### TASK DETAILS
An exact transcription of all the data is required; the pictures are to be left out.

### THE DATA
****************************************

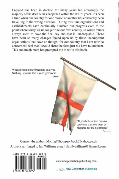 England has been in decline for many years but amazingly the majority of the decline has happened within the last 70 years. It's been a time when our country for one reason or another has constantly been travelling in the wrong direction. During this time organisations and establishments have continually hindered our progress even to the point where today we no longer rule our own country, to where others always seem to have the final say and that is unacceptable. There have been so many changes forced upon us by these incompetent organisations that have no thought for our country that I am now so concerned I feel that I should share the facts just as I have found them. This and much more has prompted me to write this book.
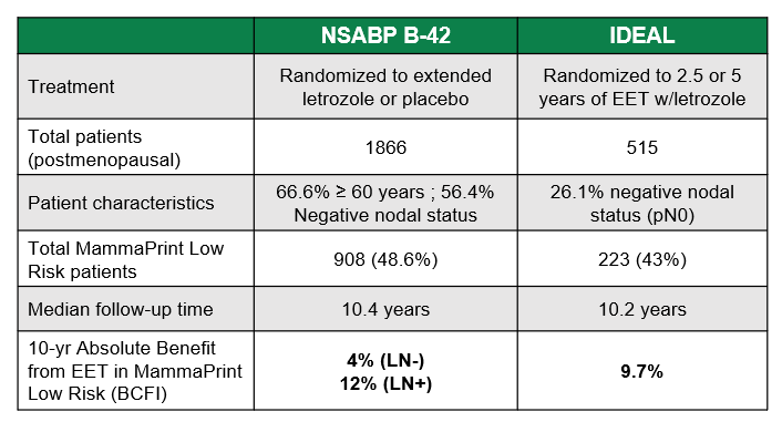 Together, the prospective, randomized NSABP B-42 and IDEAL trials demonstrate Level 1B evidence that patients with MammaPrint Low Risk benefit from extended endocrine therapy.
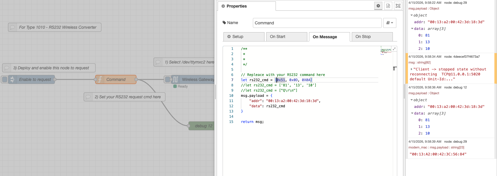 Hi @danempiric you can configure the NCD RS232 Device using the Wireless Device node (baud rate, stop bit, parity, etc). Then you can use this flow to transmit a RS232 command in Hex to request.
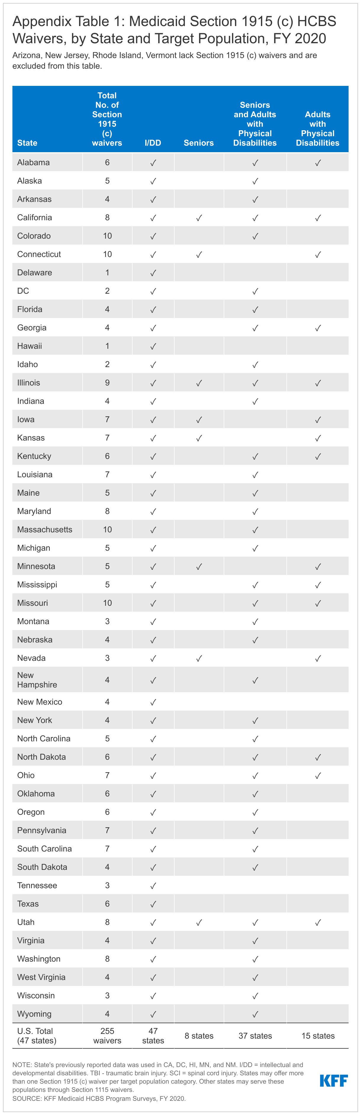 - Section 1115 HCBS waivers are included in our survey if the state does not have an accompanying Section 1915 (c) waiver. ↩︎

****************************************

### YOUR RESPONSE
 England has been in decline for many years but amazingly the majority of the decline has happened within the last 70 years. It's been a time when our country for one reason or another has constantly been travelling in the wrong direction. During this time organisations and establishments have continually hindered our progress even to the point where today we no longer rule our own country, to where others always seem to have the final say and that is unacceptable. There have been so many changes forced upon us by these incompetent organisations that have no thought for our country that I am now so concerned I feel that I should share the facts just as I have found them. This and much more has prompted me to write this book.
 Together, the prospective, randomized NSABP B-42 and IDEAL trials demonstrate Level 1B evidence that patients with MammaPrint Low Risk benefit from extended endocrine therapy.
 Hi @danempiric you can configure the NCD RS232 Device using the Wireless Device node (baud rate, stop bit, parity, etc). Then you can use this flow to transmit a RS232 command in Hex to request.
 - Section 1115 HCBS waivers are included in our survey if the state does not have an accompanying Section 1915 (c) waiver. ↩︎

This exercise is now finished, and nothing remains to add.